→ **ABOUT THIS EXERCISE**
Please find the line that holds "Второй мировой войне" below and reproduce it, along with every line after it through the end, exactly and without pictures.

→ **DATA PROVIDED**
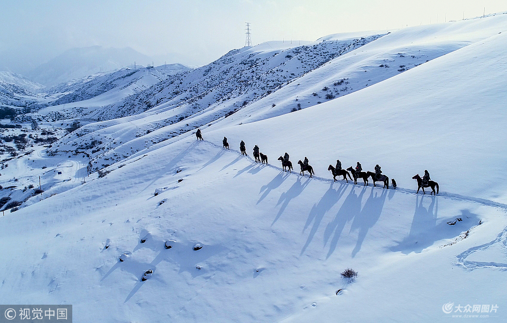2018年2月20日,在新疆維吾爾自治區(qū)察布查爾錫伯自治縣瓊博拉鄉(xiāng),由農(nóng)牧民組成的群眾護(hù)邊隊(duì)騎馬巡邏在邊境一線。
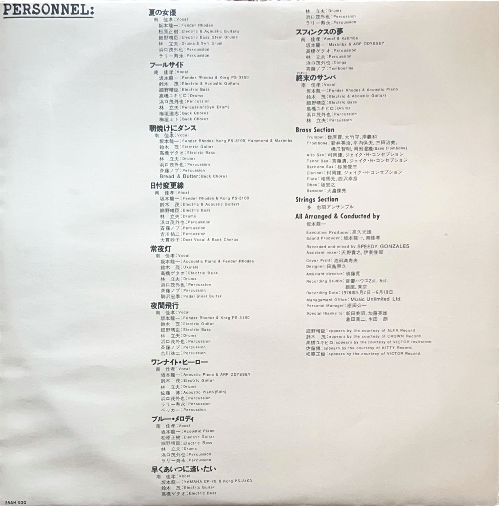 坂本龍一が全曲アレンジ、林立夫、細野晴臣、高橋ユキヒロ等も参加
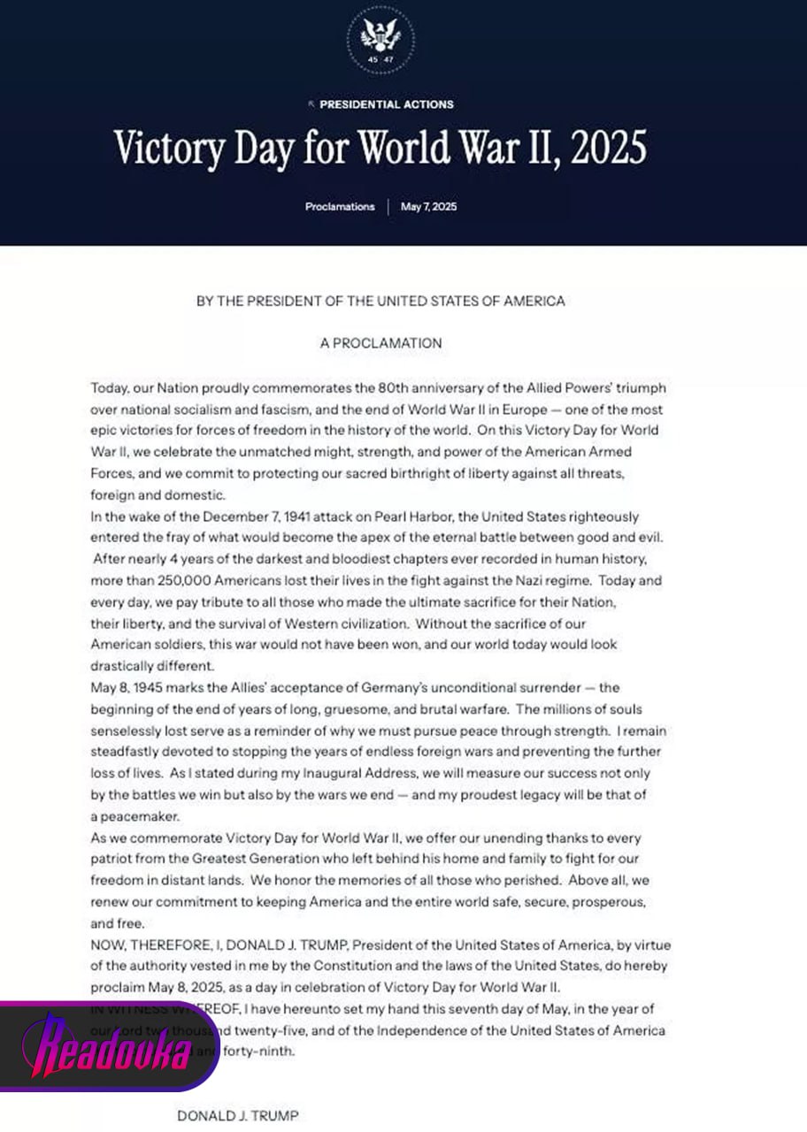«Сделали больше, чем любая другая страна» — Трамп объявил 8 мая Днем Победы во Второй мировой войне
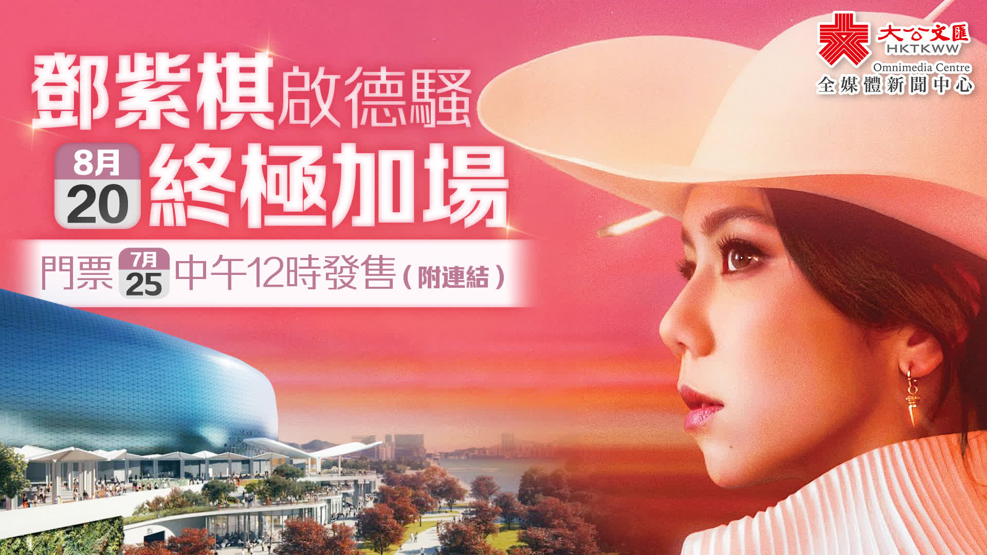 大公文匯全媒體報道,G.E.M.鄧紫棋早前官宣8月15日至17日啟德開騷,門票一經發售,迅速售罄。為了滿足更多歌迷的心願,繼8月19日加開一場後,今日(21日)鄧紫棋再次驚喜官宣,將在8月20日終極加開第5場。門票將於7月25日中午12時正式發售(點此購票)。值得留意的是,歌迷搶票前須預先登記成為快達票會員,過去曾註冊也須重新登記,並要通過手機號碼及電郵地址雙重驗證。(點此進入)

→ **ANSWER TO THE EXERCISE**
«Сделали больше, чем любая другая страна» — Трамп объявил 8 мая Днем Победы во Второй мировой войне
 大公文匯全媒體報道,G.E.M.鄧紫棋早前官宣8月15日至17日啟德開騷,門票一經發售,迅速售罄。為了滿足更多歌迷的心願,繼8月19日加開一場後,今日(21日)鄧紫棋再次驚喜官宣,將在8月20日終極加開第5場。門票將於7月25日中午12時正式發售(點此購票)。值得留意的是,歌迷搶票前須預先登記成為快達票會員,過去曾註冊也須重新登記,並要通過手機號碼及電郵地址雙重驗證。(點此進入)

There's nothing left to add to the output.